Database detox

Database detox

Happy new year! May crypto give an extra dimension to your life and may sprout help you with that! I used the last code-low days to first clean, and then fry sprouts database.

Indicators, indicators, indicators

One of the concepts sprout is built upon is: "everything is an indicator". What I mean by this is the fact that all numerical data can be taken as an indicator, like "normal" indicators such as price (current & ohlc) and volume, and crystal ball indicators, better known to some as technical analysis.

A clear example is number of Google searches: many people look at these number to give a better indication of an assets' value. (Whether these indicators are leading or trailing is another topic)

As such, we store quite a few indicators per post: upvotes (reddit & twitter), nr of comments, downvotes,... (reddit), and a few indicators internal to sprout: score, total upvotes,.. Under the notion that all of these data points are indicators, they were stored in the same way in our database. Over time, it has become clear this is not optimal: not only is this data queried in different ways, it was also eating up unnecessarily much space. It was especially hungry on in-memory indexes.

So, over the last week, sprouts database spent some time detoxing. Indicator count went down from 62M to a measly 5M, and more importantly, in-memory index size went from 19G to 3G! A whopping 85% memory reduction! A healthy way for the database to start 2018, and much needed for Big Plans® to come.

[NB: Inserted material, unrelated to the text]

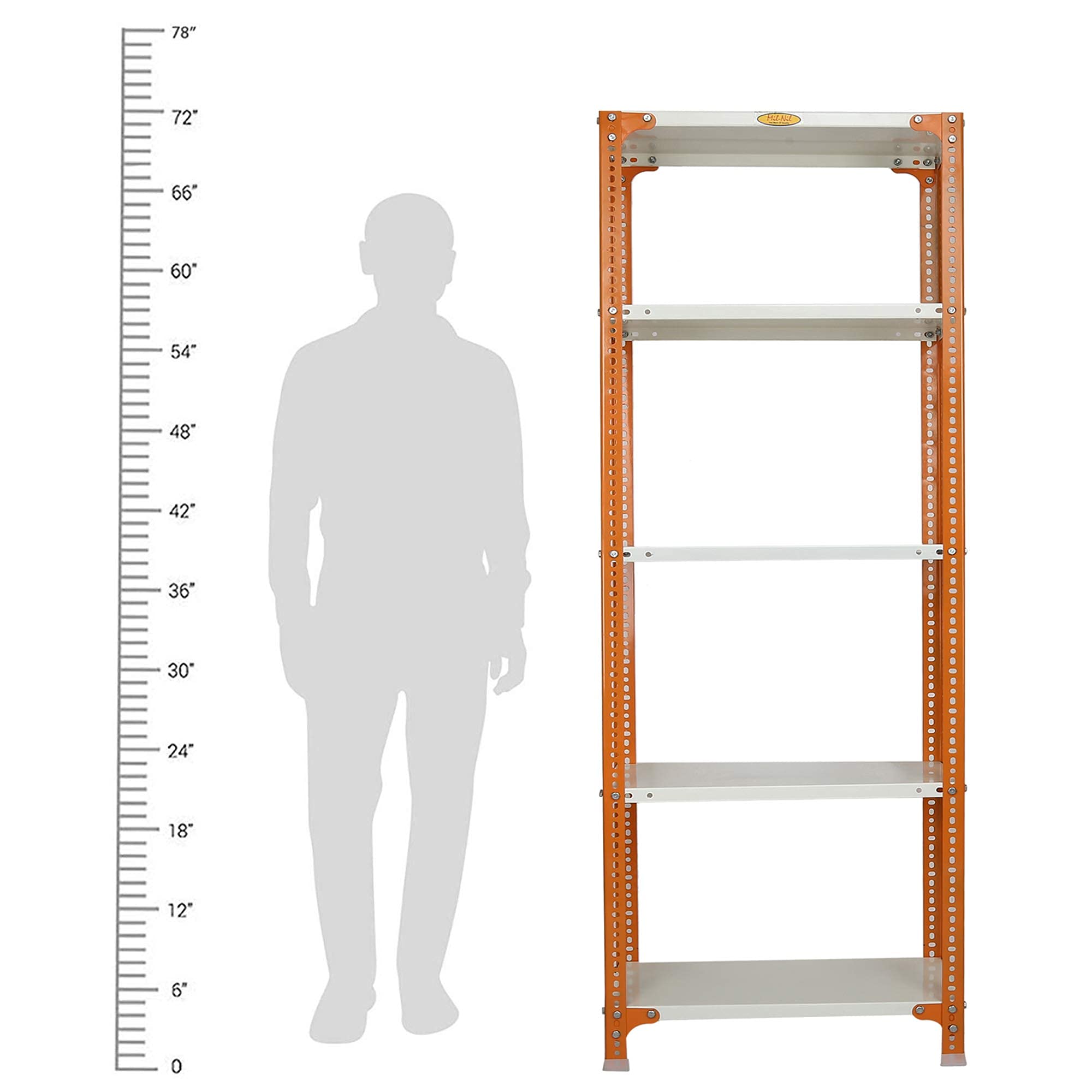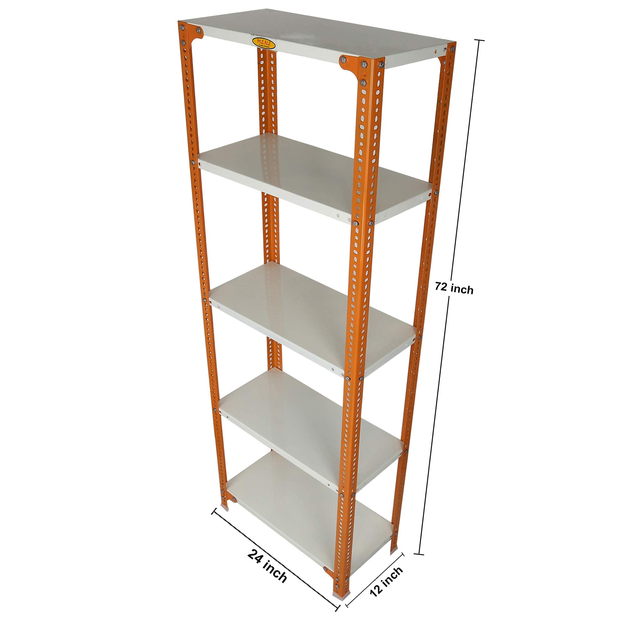 Item NameMil-Nil Prime CRC Sheet 5 Shelf Multipurpose Slotted Angle Rack, 72 x 24 x 12 Inch, 24 Gauge [(Orange-Ivory) Powder Coating] 16 Gauge Angles
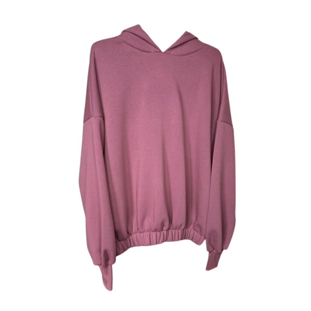 Dámská velice módní mikina do pasu s širokými rukávy, ukončené na manžetu. Mikina má pohodlnou kapuci, dvě postranní kapsy a široký střih, který je ukončen dole pohodlnou širokou gumičkou.

Photo by amoon ra, inserted here to break the wall of text

Lost Ghosts

I was so happy with the executed queries and the performance boost, I forgot to make a backup and started to perform a few maintenance queries. You know where I am going: I fried around my data (around 16% of it) What happened? Well, sprout stores all information for sites it doesn't crawl (yet) in a placeholder post, internally dubbed a "ghost post". In my quest to improve news quality on sprout, I started to precompute some fields on these posts. Only after precomputations were done I realised all other information on them were deleted...

Because these ghost posts don't store primary data by themselves, no
"real" data was lost and the impact was limited to executing the above mentioned detoxing and precomputation queries again, since last backup
(mid december). A task that could have been greatly reduced in terms of time and necessary brain power if i would have made backups more often.

Morale of the story: make backups, kids.